OOB metrics (right): Sequential bootstrap achieves the larger separation on AUC (0.629 vs 0.556), reflecting the ranking improvement that flows from sampling low-concurrency observations more often. F1 and accuracy favour standard bootstrap by smaller margins. Coverage is 1.000 for both arms, confirming that neither sampler systematically excludes observations from OOB estimation.

The afml.cache Refactoring

The caching infrastructure introduced in Part 6 accumulated three structural defects over successive iterations. At least three modules — backtest_cache, cv_cache, and incremental_bar_cache — contained separate key-generation implementations that diverged in their handling of DataFrames, sklearn estimators, and scipy distributions. The serialization strategy was inconsistent: some paths used pickle directly while others called joblib. And cache_monitoring.py had missing top-level imports (joblib.Memory, os, time) that caused an ImportError at every monitoring callsite. The March 2026 refactoring consolidates all of this into a single source of truth and adds two new capabilities: source-hash-based stale detection and dataset-access contamination tracking.

Unified Cache Core

unified_cache.py is the new core module. It exports UnifiedCacheKeyGenerator, the @cacheable decorator, CacheStats, and initialize_cache_system. The CACHE_DIRS dict is built from the AFML_CACHE environment variable when set, and falls back to appdirs.user_cache_dir("afml") otherwise. This is the same mechanism the pipeline already uses for Google Drive routing.

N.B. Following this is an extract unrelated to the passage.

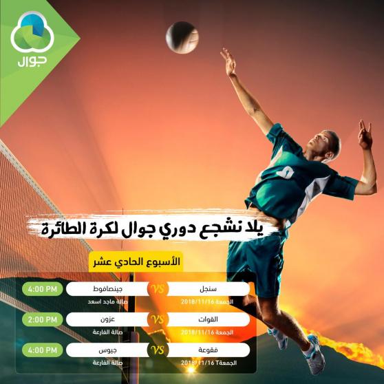أعلن الاتحاد الفلسطيني لكرة الطائرة عن جدول مباريات الاسبوع الحادي عشر من دوري جوال لكرة الطائرة في المحافظات الشمالية وفقاً للجدول التالي:

UnifiedCacheKeyGenerator.generate_key() handles every type in the AFML stack: sklearn BaseEstimator instances are hashed via get_params(deep=True), scipy frozen distributions via their args and kwds, DataFrames via shape, column list, DatetimeIndex endpoints, and a 1%-sample content hash, and primitives via direct string encoding. Two optional flags extend the key. time_aware=True scans bound arguments for the first DatetimeIndex parameter (t1, data, prices, index) and appends the date range; a run on January data cannot return the cached result of a March run. auto_versioning=True hashes the function's source code and closure values; any edit to the decorated function automatically produces a cache miss on the next call.

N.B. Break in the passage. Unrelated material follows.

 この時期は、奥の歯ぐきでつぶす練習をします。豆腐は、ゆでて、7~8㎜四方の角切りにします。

from afml.cache import cacheable, initialize_cache_system

initialize_cache_system()

# Invalidates automatically when source changes or date range shifts.
@cacheable(time_aware=True, auto_versioning=True)
def fit_model(data: pd.DataFrame, estimator, params: dict):
    # expensive refit — only runs on cache miss
    ...

CacheStats tracks hits and misses per function in a defaultdict protected by a threading.Lock(). The stats dict is flushed to cache_stats.json every 25 calls so that progress survives a crash without incurring a write on every call. The CacheAnalyzer context manager snapshots stats on entry and reports the delta on exit, which makes it convenient for isolating the cache contribution of a specific code block in a notebook or script.

Incremental Bar Cache

IncrementalBarCache.get_or_extend() wraps make_bars with a five-case decision tree whose correctness rests on a single determinism invariant:

cached([t₀, t₁]) + incremental([t₁, t₂]) == from_scratch([t₀, t₂])

Only tick bars satisfy this invariant under the current make_bars implementation. Tick bar membership is positional (arange // bar_size), so the trailing n % bar_size ticks are a self-contained leftover: prepend them to new ticks and the boundary bar is reconstructed exactly. Volume and dollar bars do not satisfy the invariant because their boundaries fall on multiples of a cumulative metric that almost never coincides with the last complete tick; the residual offset would have to seed the extension's cumulative sum, but make_bars exposes no such seed. Time bars produce a duplicate bar for the clock bin that straddles the cache boundary. Information bars carry evolving EWM expectations that feed back into bar-closing decisions; extending them incrementally would need the full accumulator state threaded through, which is not yet implemented. For all non-tick bar types, get_or_extend falls back to a full recomputation, which is correct and cheap (a single cumsum/resample + groupby).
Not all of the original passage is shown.